NEPComputeError(NEP nep,PetscInt j,NEPErrorType type,PetscReal *error);

can be used to assess the accuracy of the computed solutions. The error is based on the 2-norm of the residual vector \(r\) defined in equation (5).

As in the case of EPS, in NEP the number of iterations carried out by the solver can be determined with NEPGetIterationNumber, and the tolerance and maximum number of iterations can be set with NEPSetTolerances. Also, convergence can be monitored with either textual monitors -nep_monitor, -nep_monitor_all, -nep_monitor_conv, or graphical monitors -nep_monitor draw::draw_lg, -nep_monitor_all draw::draw_lg. See section Controlling and Monitoring Convergence for additional details. Similarly, there is support for viewing the computed solution as explained in section Viewing the Solution.
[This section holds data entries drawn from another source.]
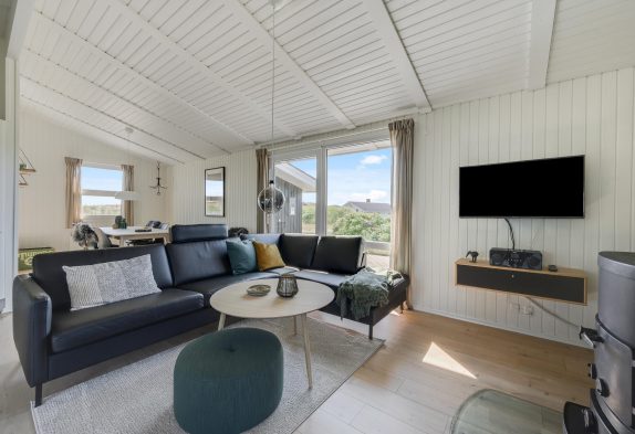 Ein helles und gemütliches Ferienhaus in tolle Lage auf einem Naturgrund dicht am Bjerregård Strand. Das Haus wurde 2021 durchgreifend renoviert und ist schön mit komfortablen Möbeln und Betten eingerichtet. Auf den vorhandenen Terrassen findest du immer einen windgeschützten Platz.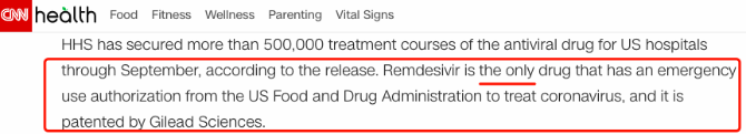 △CNN報(bào)道稱,瑞德西韋是唯一獲得緊急使用授權(quán)治療新冠病毒的藥物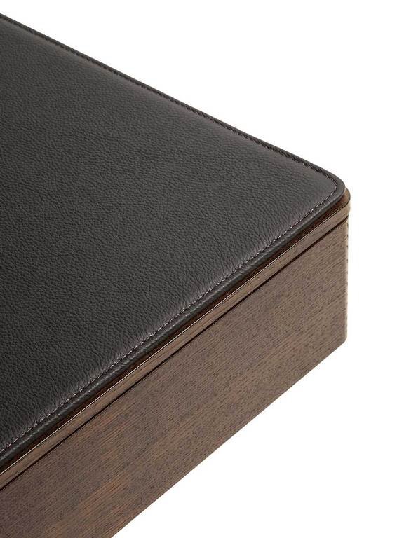 Parmi les options disponibles, un tapis antidérapant beige Alcantara permet de protéger et décorer l’intérieur du tiroir, tandis qu’un tapis en cuir Pelle Frau® légèrement rembourré, avec des coutures ton sur ton ou en contraste, peut être placé au-dessus du plateau pour un confort d’usage supplémentaire. Cette table basse design haut de gamme propose des associations sophistiquées entre le bois massif, le cuir précieux et l’acier peint pour un résultat à la fois formel et désinvolte.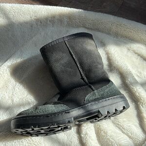 Slip into iconic comfort with these UGG Classic Short Boots, size 8, in worn condition. Featuring a charcoal suede upper, signature shearling lining, and a rugged rubber outsole, these boots deliver timeless warmth and style for chilly days.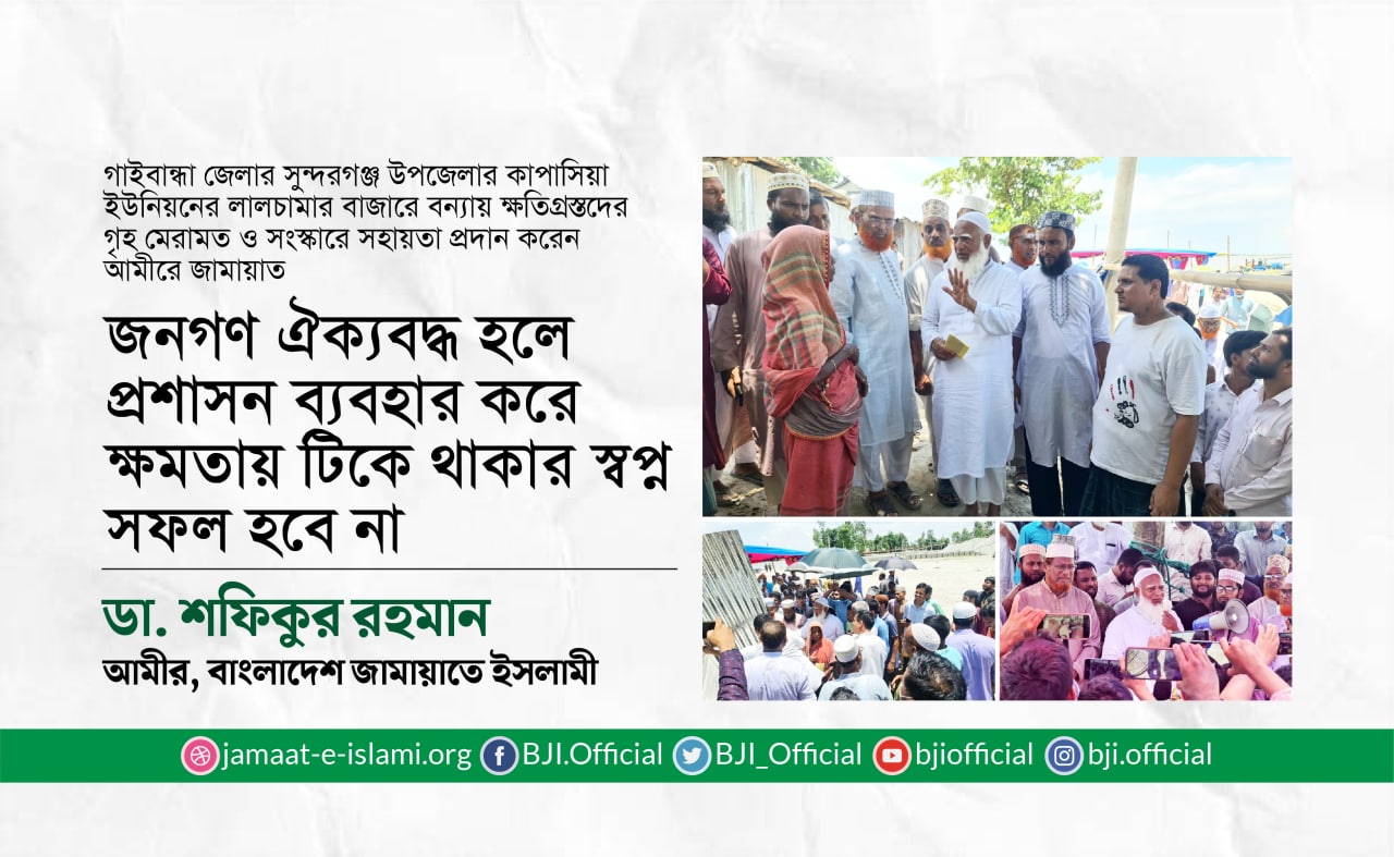 গাইবান্ধা জেলার সুন্দরগঞ্জ উপজেলার কাপাসিয়া ইউনিয়নের লালচামার বাজারে বন্যায় ক্ষতিগ্রস্তদের গৃহ মেরামত ও সংস্কারে সহায়তা প্রদান করেন আমীরে জামায়াত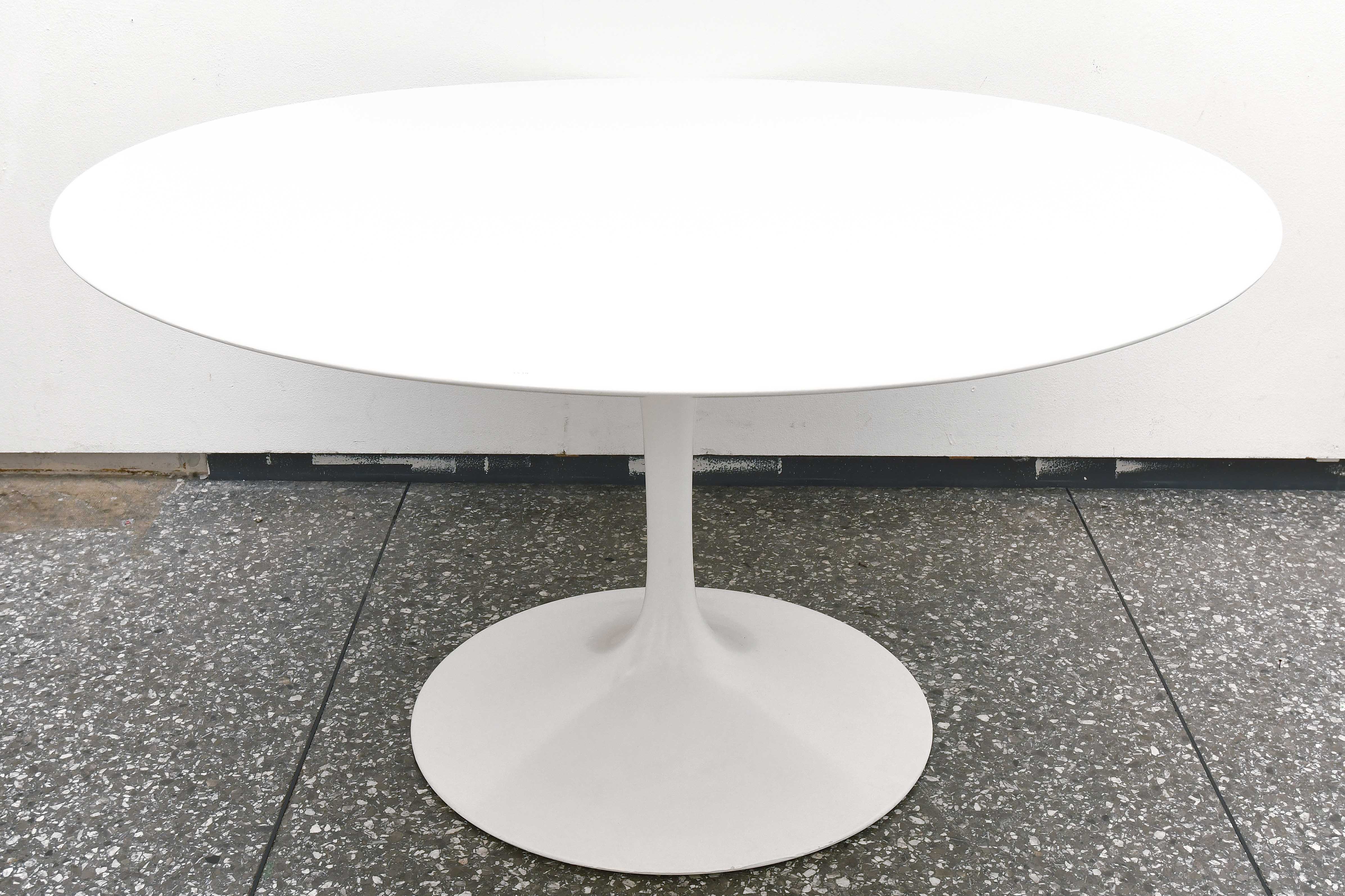 Esstisch "Tulip", Entwurf 1956. Ausführung Knoll. Fuss aus Aluminiumguss, weiss lackiert und weisse Schichtplatte. Gebrauchsspuren. Guter Zustand. D 137 cm . H 70 cm.
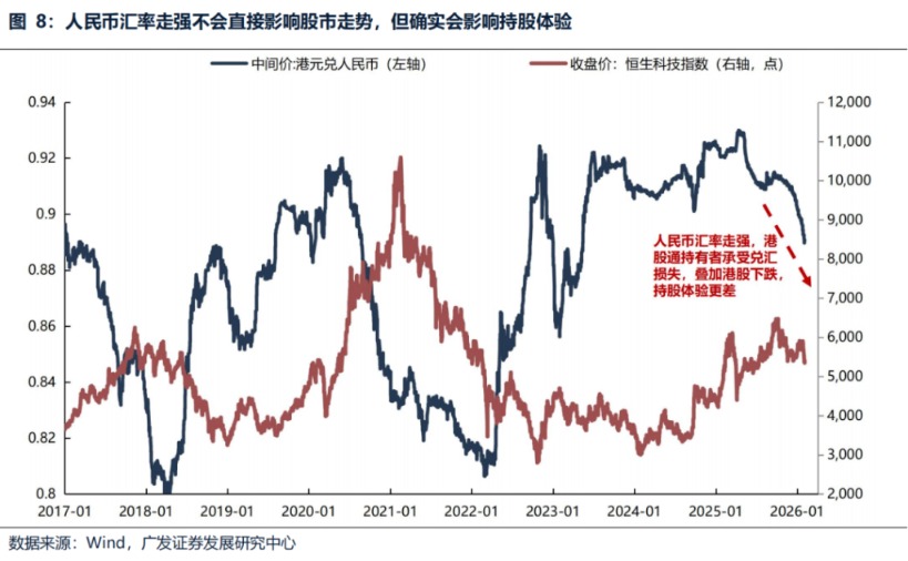 (二)近期人民幣匯率走強(qiáng),雖不會(huì)影響港股走勢(shì),但匯兌損失影響下,確實(shí)導(dǎo)致持股體驗(yàn)更差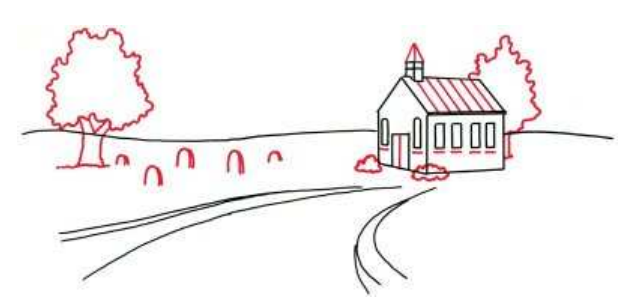 Essa igreja rural está no final de um caminho de pedras cercada por belas árvores. Você vai se divertir aprendendo a desenhar todos os componentes dessa charmosa paisagem.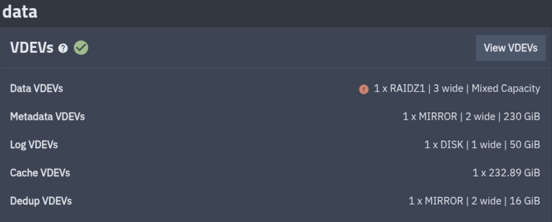 Минимально у нас должны быть Data VDEVs, это обычные диски с данными, на основе которых строится массив.

The NEP class also provides some kind of iterative refinement, similar to the one available in PEP, see section Iterative Refinement. The parameters can be set with NEPSetRefine

NEPSetRefine(NEP nep,NEPRefine refine,PetscInt npart,
             PetscReal tol,PetscInt its,NEPRefineScheme scheme);

Footnotes

[Campos:2021:NEP]

C. Campos and J. E. Roman. NEP: a module for the parallel solution of nonlinear eigenvalue problems in SLEPc. ACM Transactions on Mathematical Software, 47(3):23:1–23:29, 2021. doi:10.1145/3447544.

[Guttel:2017:NEP]

S. Güttel and F. Tisseur. The nonlinear eigenvalue problem. Acta Numerica, 26:1–94, 2017.

[str-11]

Y. Maeda, T. Sakurai, and J. E. Roman. Contour Integral Spectrum Slicing Method in SLEPc. Technical Report STR-11, Universitat Politècnica de València, 2016. Available at https://slepc.upv.es.

[Mehrmann:2004:NEP]

V. Mehrmann and H. Voss. Nonlinear eigenvalue problems: a challenge for modern eigenvalue methods. GAMM Mitteilungen, 27(2):121–152, 2004.